## Work to be completed
Each line of the data below from the one holding "A REPRODUCTION .44" to the one holding "Διαστάσεις του κάθε", inclusive, is to be reproduced exactly; no other line belongs in the answer.

## Information provided
____________________

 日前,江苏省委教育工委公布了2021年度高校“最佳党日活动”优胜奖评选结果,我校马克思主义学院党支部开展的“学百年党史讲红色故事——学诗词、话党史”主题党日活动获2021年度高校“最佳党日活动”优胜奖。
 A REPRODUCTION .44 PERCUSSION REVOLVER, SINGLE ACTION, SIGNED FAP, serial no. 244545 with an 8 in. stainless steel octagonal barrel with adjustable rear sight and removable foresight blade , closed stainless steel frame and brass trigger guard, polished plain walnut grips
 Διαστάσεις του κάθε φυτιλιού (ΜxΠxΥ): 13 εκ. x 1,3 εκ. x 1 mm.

____________________

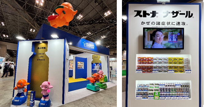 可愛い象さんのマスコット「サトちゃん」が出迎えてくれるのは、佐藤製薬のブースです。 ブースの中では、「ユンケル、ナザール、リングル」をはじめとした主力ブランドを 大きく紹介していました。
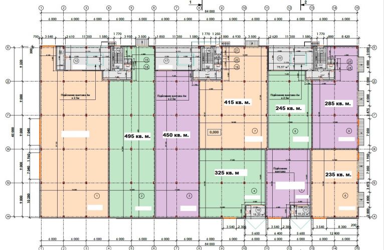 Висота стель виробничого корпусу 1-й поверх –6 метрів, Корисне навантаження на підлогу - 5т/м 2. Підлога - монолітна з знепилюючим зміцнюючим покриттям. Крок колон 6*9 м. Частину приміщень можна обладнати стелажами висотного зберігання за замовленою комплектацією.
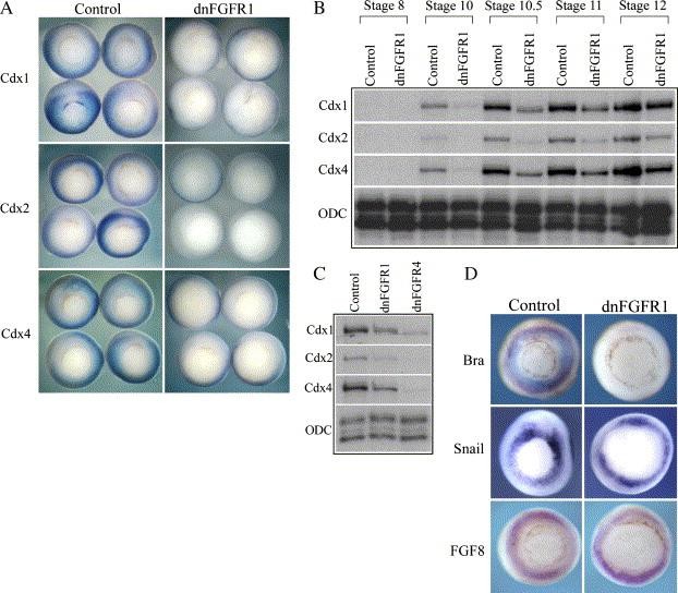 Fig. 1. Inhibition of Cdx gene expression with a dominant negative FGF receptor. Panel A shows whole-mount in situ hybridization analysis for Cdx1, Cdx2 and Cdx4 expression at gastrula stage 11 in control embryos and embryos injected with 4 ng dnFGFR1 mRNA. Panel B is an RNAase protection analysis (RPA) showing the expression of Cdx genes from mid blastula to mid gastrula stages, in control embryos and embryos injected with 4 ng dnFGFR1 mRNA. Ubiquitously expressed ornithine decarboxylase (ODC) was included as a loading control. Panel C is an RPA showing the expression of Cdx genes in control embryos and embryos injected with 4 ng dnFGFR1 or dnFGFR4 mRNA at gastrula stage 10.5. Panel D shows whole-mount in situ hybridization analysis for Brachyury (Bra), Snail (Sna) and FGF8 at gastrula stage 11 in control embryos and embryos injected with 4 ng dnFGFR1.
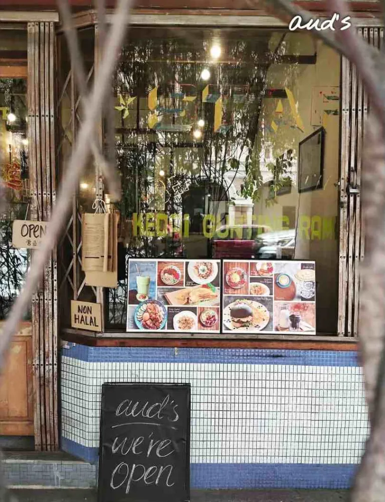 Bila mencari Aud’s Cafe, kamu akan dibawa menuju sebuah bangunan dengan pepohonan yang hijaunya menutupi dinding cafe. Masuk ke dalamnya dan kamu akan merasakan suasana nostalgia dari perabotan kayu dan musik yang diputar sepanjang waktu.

____________________

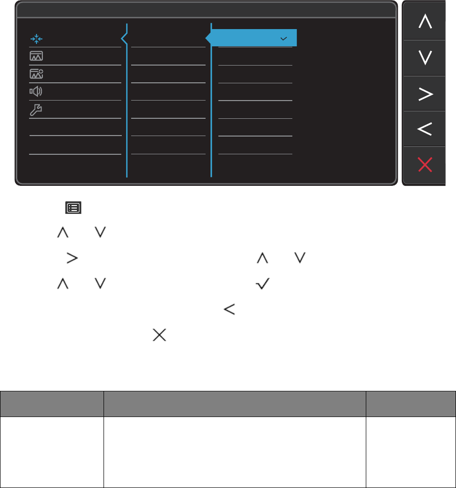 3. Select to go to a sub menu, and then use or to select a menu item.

____________________

## Answer space
 A REPRODUCTION .44 PERCUSSION REVOLVER, SINGLE ACTION, SIGNED FAP, serial no. 244545 with an 8 in. stainless steel octagonal barrel with adjustable rear sight and removable foresight blade , closed stainless steel frame and brass trigger guard, polished plain walnut grips
 Διαστάσεις του κάθε φυτιλιού (ΜxΠxΥ): 13 εκ. x 1,3 εκ. x 1 mm.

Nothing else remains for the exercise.